Research for competing for interacting networks takes into account real-world networks [1–6]. However, the researchers ignored the competitors competing not only to survive but also to defeat their competitors [7]. An incursion between species can alter the dynamics of the predator-prey interaction [8], which is a widespread phenomenon. The theoretical framework that measures the feedback mechanisms and resilience dynamics between two competing dynamic networks was developed to identify the factors in a network [9, 10]. However, the competition network in the real world is more complex compared with the relationship between two species. The complex symbiotic relationship in the industrial ecosystem can be taken as an example.
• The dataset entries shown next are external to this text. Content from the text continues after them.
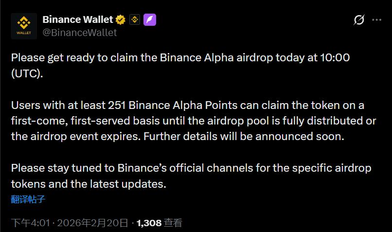 According to a report by TechFlow TechFlow on February 20th, Binance Wallet officially announced that users with at least 251 Binance Alpha Points can claim tokens on a first-come, first-served basis starting at 18:00 today, until the airdrop pool is fully distributed or the airdrop event ends.
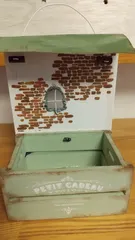 自己流🏠プランター①完成 BOX棚の底を剥がしたベニヤ板屋根は🍺アルミ缶木箱の色のアクリル絵の具がなかったのである色を混ぜて似たような色を作って屋根に塗りました😁毎日少しずつ💦なんちゃって🏠型プランター✨達成感🎉ヤッター窓が難しかった😅💦窓枠はモルタル風塗料を塗ってワイヤーを埋め込みました😄耐久性は弱いと予測していますが、な
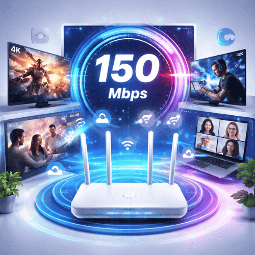 The GTPL-KCBPL WiFi Package – Boost 150 Mbps is a premium high-speed broadband plan built for heavy internet usage and smart homes. With speeds up to 150 Mbps, this package ensures ultra-fast downloads, seamless 4K streaming, lag-free online gaming, and crystal-clear video conferencing. It easily supports multiple users and devices at the same time, making it ideal for large families, remote professionals, students, and digital content creators. Powered by advanced fiber connectivity, the Boost 150 Mbps plan delivers stable performance, low latency, and minimal buffering even during peak hours. Whether for work, entertainment, or cloud-based tasks, this plan offers powerful and dependable internet to keep your digital lifestyle running smoothly.
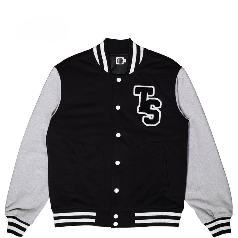 2025 última fábrica de chaquetas universitarias de béisbol personalizadas para hombres, manga de cuero empalmada, bolsillos bordados con letras, chaqueta con letras marrones
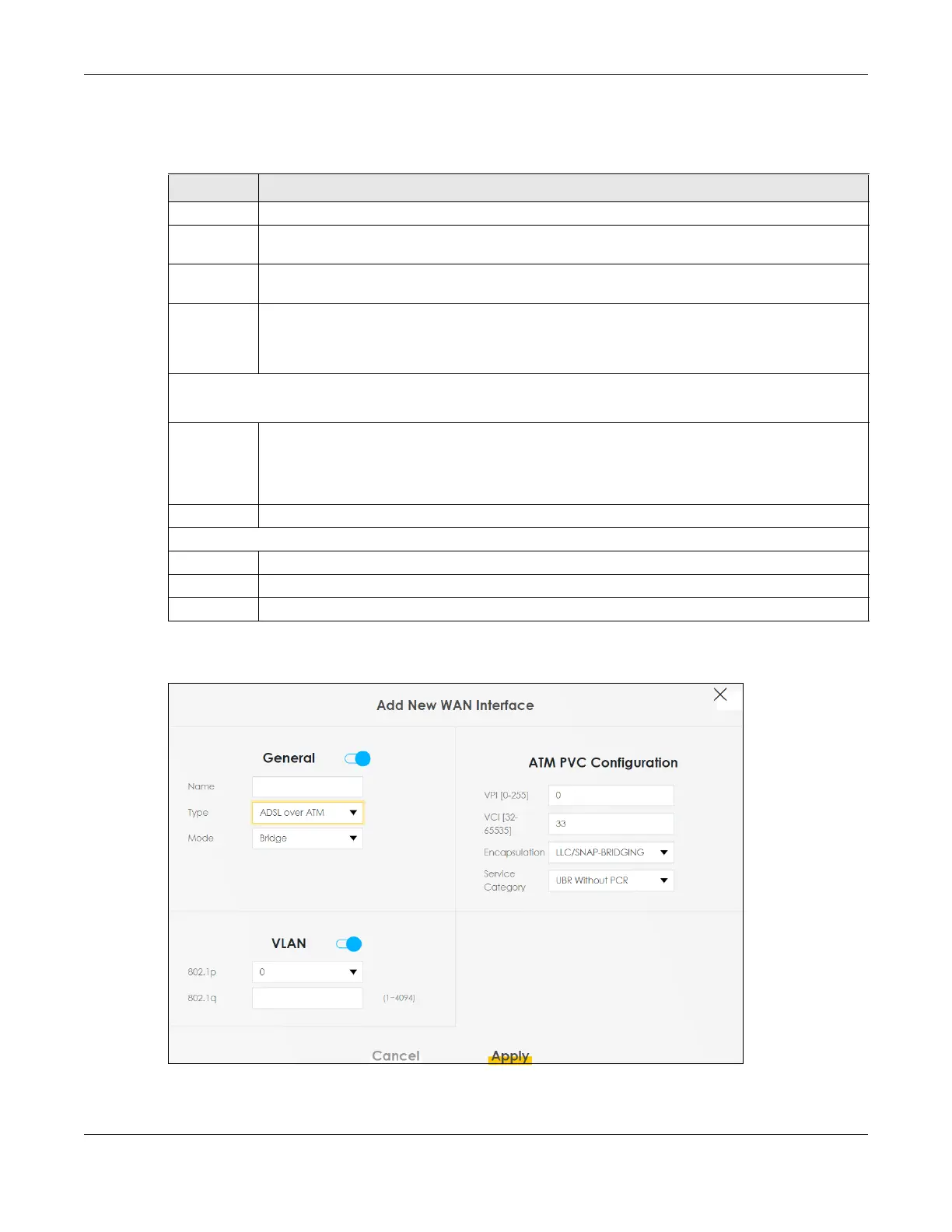 Table 37 Network Setting > Broadband > Add/Edit New WAN Interface (ADSL/VDSL over PTM or
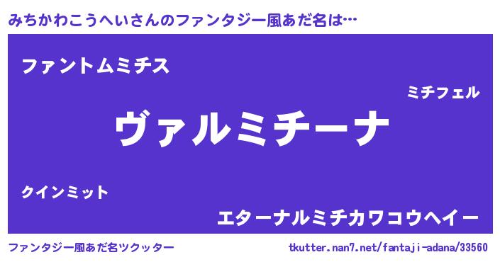 | 男性向けラノベタイトル風あだ名 | 『この素晴らしい世界にみちかわこうへいを!』 |
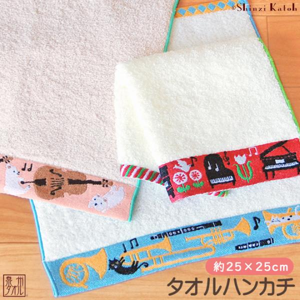 タオルハンカチ 音楽 吹奏楽 かわいい プレゼント 演奏会 発表会 日本製 レディース Shinzi katoh メロディーオーケストラ 約25×25cm ピアノ 猫 優
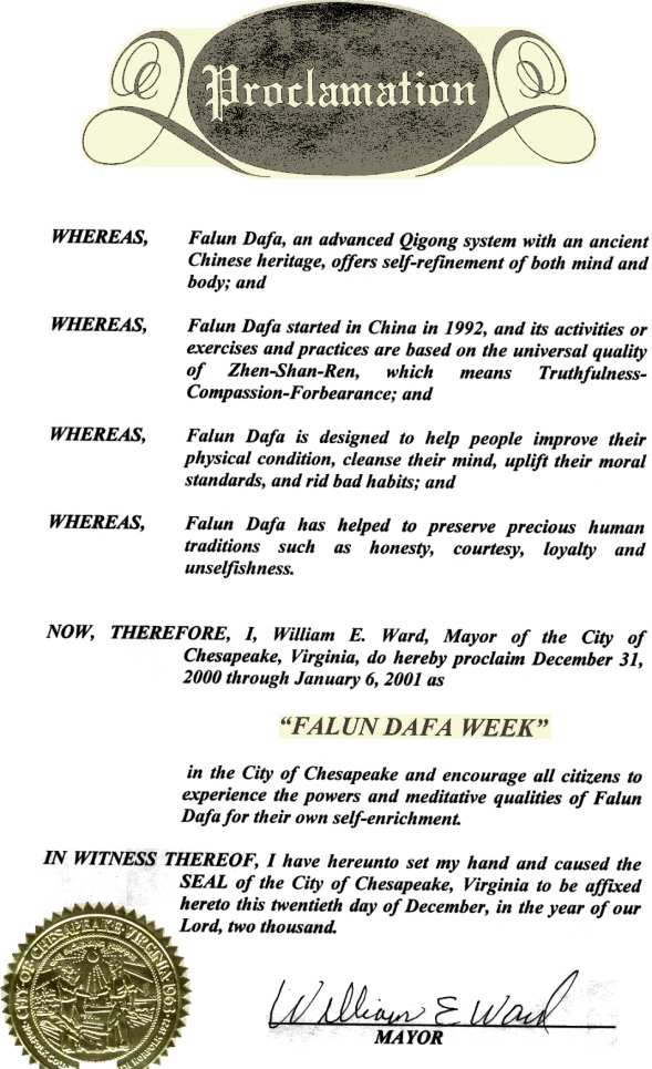 【明慧网2000年12月31日】 弗吉尼亚州奇萨皮科市宣布2000年12月31日至2001年1月6日为“法轮大法周”
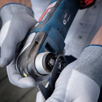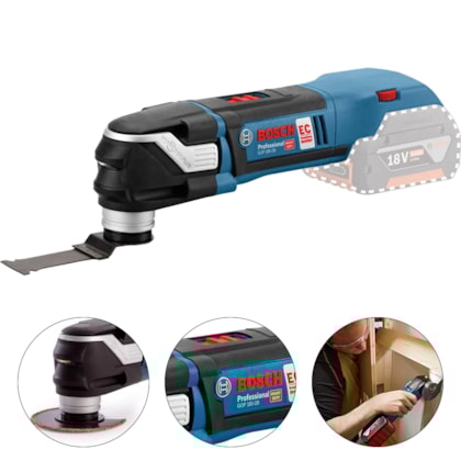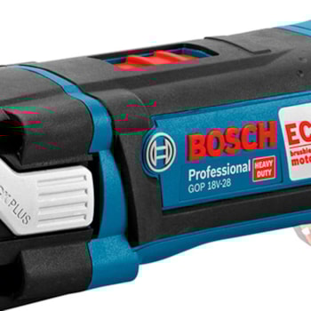 A Multicortadora a Bateria Bosch GOP 18V-28, 18V, possui motor sem escovas de carvão livre de manutenção, com o dobro de vida útil e maior autonomia.
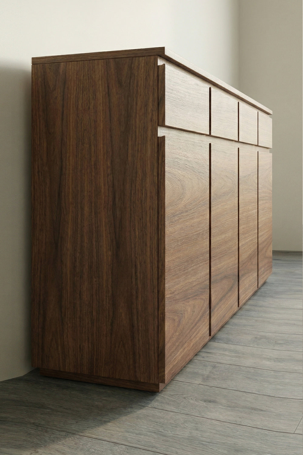 Handle-less Profile: Features precision-cut gaps for a flush, modern look that highlights the natural walnut grain.
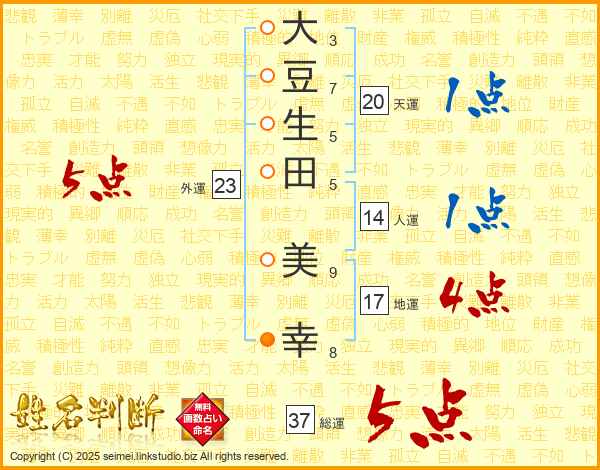 大(3画)豆(7画)生(5画)田(5画) 美(9画)幸(8画)

The industrial ecosystem, which emerged in the 1990s, is an interdisciplinary applied discipline. Its main purpose is to explore the interaction between industry and its products and the natural environment. Traditional industrial activities should be transformed into an industrial ecosystem [11]. In this system, the consumption of energy and material is optimized, the output of waste is minimized, and the waste of one industrial process can be used as the raw material of another process. The theory of industrial ecology studies how the industrial system operates, regulates, and interacts with the biosphere and decides how to adjust the industry to make it compatible with the biosphere based on the cognition of the ecosystem [12]. The research of the industrial ecosystem is rich and diversified. Carayannis and Alexander [13] propose a dynamic- and learning-driven framework to study the process of knowledge generation and how to maximize organizational value by using game theory. Carayannis et al. [14] believe that knowledge sharing and knowledge management across organizational boundaries have provided a good analytical framework for the research cooperation between industry and university and promoted the trust relationship and social capital between organizational cooperation. Korhonen et al. [15] point out that the concept of sustainable development of industrial ecosystem provides a new way of thinking and an innovation path for the current industrial system construction, and the theory of industrial ecosystem and interorganizational management can supplement the shortcomings of the traditional theory of intraorganizational environmental management and guide human behavior to achieve the goal of industrial ecological balance.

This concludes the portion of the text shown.